Preventing cross-function reentrancy requires careful design to isolate state variables or ensure their updates are atomic across related functions. Functions that share critical state must be protected as a group.

• Risk: A transferFrom() function that shares a balances mapping with mint() is vulnerable if mint is called reentrantly before transferFrom updates the state.
• Mitigation: Apply a reentrancy guard to all functions that read/write the same sensitive state, or refactor to use the CEI pattern rigorously in each.
• Audit Focus: Mappings and global variables are common attack surfaces for this vulnerability.

The 2016 attack on The DAO is the canonical example of reentrancy, demonstrating both single and cross-function variants. The vulnerable splitDAO function performed an external call to send Ether before updating the attacker's internal token balance.

• Cross-Function Vector: The reentrant call was made to the withdrawRewardFor function, which relied on the same, not-yet-updated balance state.
• Impact: This allowed the attacker to repeatedly drain funds, leading to a loss of 3.6M ETH and the Ethereum network's contentious hard fork.
• Legacy: This event directly led to the standardization of the CEI pattern and reentrancy guards as fundamental security practices.

A fundamental secure development practice that dictates the order of operations within a function to mitigate reentrancy risk.

• Checks: Validate all conditions and inputs (e.g., balances, permissions).
• Effects: Perform all state updates before any external call (e.g., deducting balances, updating counters).
• Interactions: Make external calls to other contracts last. This pattern prevents an attacker's callback from interacting with an inconsistent intermediate state, which is the root cause of cross-function reentrancy.

The classic form of reentrancy attack, where a malicious contract re-enters the same function it is currently executing. This is typically prevented by a simple reentrancy guard. Cross-function reentrancy is a more subtle variant where the callback targets a different function in the same victim contract that shares state with the initially called function.

Data permanently stored in a smart contract. Cross-function reentrancy exploits the manipulation of shared state variables between multiple functions. For example, an attacker might call Function A, which makes an external call. The malicious callback then invokes Function B, which reads a state variable that Function A has not yet finalized updating (e.g., a user's balance). Understanding and managing state dependencies is key to prevention.

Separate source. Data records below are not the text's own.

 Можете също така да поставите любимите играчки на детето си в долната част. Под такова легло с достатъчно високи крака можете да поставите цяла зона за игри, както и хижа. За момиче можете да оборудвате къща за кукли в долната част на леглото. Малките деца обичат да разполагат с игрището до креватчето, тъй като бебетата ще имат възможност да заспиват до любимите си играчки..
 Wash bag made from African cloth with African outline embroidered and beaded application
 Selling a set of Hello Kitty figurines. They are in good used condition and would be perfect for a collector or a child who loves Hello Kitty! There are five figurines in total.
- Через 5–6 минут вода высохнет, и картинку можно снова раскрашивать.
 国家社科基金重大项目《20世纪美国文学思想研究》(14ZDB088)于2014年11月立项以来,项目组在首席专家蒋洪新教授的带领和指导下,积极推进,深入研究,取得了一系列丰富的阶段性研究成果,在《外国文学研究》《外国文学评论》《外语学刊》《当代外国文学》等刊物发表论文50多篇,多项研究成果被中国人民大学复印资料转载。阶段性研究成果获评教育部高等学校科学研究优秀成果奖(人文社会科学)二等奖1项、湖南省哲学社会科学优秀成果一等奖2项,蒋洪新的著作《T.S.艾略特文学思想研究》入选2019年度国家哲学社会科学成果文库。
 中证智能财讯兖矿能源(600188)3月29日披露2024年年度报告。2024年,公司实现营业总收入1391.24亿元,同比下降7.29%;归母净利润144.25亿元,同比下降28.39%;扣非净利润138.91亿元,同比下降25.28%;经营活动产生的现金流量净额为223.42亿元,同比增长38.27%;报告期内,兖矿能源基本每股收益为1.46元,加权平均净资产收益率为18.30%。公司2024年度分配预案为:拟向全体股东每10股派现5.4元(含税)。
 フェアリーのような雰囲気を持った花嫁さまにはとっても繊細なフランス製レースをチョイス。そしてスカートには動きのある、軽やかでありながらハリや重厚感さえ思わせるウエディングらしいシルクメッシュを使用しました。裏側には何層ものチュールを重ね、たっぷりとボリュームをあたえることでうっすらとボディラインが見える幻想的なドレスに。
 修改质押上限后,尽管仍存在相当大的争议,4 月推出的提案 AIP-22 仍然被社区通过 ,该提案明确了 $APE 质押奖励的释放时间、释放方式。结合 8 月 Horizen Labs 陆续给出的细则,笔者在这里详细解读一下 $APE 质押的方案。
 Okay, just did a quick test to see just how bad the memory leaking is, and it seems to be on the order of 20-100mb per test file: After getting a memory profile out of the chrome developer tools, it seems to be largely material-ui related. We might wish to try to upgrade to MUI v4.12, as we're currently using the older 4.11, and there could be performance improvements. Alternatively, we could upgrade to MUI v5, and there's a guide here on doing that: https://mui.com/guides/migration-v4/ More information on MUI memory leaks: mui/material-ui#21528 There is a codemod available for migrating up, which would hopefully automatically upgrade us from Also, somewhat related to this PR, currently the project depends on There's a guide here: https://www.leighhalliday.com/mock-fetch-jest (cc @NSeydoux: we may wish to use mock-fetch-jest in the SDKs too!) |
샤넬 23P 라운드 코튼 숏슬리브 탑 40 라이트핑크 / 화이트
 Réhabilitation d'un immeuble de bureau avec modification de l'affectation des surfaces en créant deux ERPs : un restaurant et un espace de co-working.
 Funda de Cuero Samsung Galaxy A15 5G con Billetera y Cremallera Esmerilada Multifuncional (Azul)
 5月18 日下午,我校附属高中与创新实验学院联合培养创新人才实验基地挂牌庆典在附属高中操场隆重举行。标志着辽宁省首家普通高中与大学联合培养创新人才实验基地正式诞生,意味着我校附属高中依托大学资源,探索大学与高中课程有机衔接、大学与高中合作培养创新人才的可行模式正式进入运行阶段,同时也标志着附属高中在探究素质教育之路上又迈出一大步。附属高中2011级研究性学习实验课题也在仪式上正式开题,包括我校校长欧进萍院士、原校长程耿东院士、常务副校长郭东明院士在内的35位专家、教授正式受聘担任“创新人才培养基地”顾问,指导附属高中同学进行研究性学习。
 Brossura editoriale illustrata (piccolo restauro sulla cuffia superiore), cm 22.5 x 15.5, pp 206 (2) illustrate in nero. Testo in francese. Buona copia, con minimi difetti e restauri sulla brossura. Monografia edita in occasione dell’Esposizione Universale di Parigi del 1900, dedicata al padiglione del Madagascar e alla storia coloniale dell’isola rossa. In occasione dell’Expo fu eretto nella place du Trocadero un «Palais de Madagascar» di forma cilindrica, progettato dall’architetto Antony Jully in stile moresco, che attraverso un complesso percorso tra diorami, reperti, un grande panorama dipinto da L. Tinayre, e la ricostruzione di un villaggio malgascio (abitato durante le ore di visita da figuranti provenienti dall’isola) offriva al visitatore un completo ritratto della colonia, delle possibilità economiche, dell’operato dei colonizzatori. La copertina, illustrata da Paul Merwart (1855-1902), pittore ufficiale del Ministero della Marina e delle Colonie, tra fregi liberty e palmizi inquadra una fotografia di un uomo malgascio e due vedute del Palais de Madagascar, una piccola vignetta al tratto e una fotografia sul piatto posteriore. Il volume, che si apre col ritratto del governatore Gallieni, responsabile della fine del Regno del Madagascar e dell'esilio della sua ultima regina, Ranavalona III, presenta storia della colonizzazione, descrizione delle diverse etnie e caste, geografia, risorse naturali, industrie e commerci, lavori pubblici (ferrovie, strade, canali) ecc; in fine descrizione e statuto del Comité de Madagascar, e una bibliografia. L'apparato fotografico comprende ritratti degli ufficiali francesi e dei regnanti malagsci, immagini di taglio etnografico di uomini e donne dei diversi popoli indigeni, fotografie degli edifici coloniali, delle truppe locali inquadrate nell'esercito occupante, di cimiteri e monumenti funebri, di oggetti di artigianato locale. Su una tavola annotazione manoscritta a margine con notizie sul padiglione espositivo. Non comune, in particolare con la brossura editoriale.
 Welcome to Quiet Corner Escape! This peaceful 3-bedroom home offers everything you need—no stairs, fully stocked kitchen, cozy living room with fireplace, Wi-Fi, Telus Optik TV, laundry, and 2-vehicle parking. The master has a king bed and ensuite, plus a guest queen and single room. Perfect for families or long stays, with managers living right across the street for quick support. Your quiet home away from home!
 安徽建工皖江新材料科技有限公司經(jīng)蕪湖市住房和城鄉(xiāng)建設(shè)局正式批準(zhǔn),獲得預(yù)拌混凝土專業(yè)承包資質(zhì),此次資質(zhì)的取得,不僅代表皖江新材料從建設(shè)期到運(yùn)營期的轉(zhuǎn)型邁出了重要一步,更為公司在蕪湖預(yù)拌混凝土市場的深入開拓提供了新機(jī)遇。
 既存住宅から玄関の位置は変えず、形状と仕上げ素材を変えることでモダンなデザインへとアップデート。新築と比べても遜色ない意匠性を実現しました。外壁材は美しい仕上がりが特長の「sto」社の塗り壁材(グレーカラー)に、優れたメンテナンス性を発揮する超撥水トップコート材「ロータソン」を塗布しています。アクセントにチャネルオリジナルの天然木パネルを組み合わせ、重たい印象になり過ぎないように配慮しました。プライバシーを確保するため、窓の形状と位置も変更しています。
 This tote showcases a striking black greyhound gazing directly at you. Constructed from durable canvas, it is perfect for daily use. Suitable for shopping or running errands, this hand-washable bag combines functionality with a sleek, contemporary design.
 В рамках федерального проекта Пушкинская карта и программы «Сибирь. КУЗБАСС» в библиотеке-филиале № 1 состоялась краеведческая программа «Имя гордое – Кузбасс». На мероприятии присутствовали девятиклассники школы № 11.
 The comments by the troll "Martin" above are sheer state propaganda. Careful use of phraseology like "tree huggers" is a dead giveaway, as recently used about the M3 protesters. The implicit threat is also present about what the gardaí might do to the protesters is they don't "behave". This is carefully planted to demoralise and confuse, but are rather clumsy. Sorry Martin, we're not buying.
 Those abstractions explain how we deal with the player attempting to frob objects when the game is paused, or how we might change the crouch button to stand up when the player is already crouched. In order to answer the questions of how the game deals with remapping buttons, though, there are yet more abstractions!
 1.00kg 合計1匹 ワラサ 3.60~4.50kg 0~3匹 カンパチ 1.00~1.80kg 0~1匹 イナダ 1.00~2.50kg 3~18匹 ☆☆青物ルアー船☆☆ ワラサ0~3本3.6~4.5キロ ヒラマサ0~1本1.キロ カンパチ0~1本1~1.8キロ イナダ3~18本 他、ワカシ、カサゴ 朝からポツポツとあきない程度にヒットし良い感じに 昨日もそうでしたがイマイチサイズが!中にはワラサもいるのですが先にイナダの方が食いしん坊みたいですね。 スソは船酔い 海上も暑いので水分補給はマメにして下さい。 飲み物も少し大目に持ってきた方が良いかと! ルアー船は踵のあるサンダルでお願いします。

The most famous real-world example of a reentrancy attack, which led to the loss of 3.6 million ETH and the Ethereum hard fork. While not exclusively cross-function, it demonstrated the catastrophic impact of violating the Checks-Effects-Interactions pattern. The attacker's contract recursively called the vulnerable splitDAO function before the victim's internal balance was updated, allowing repeated withdrawals.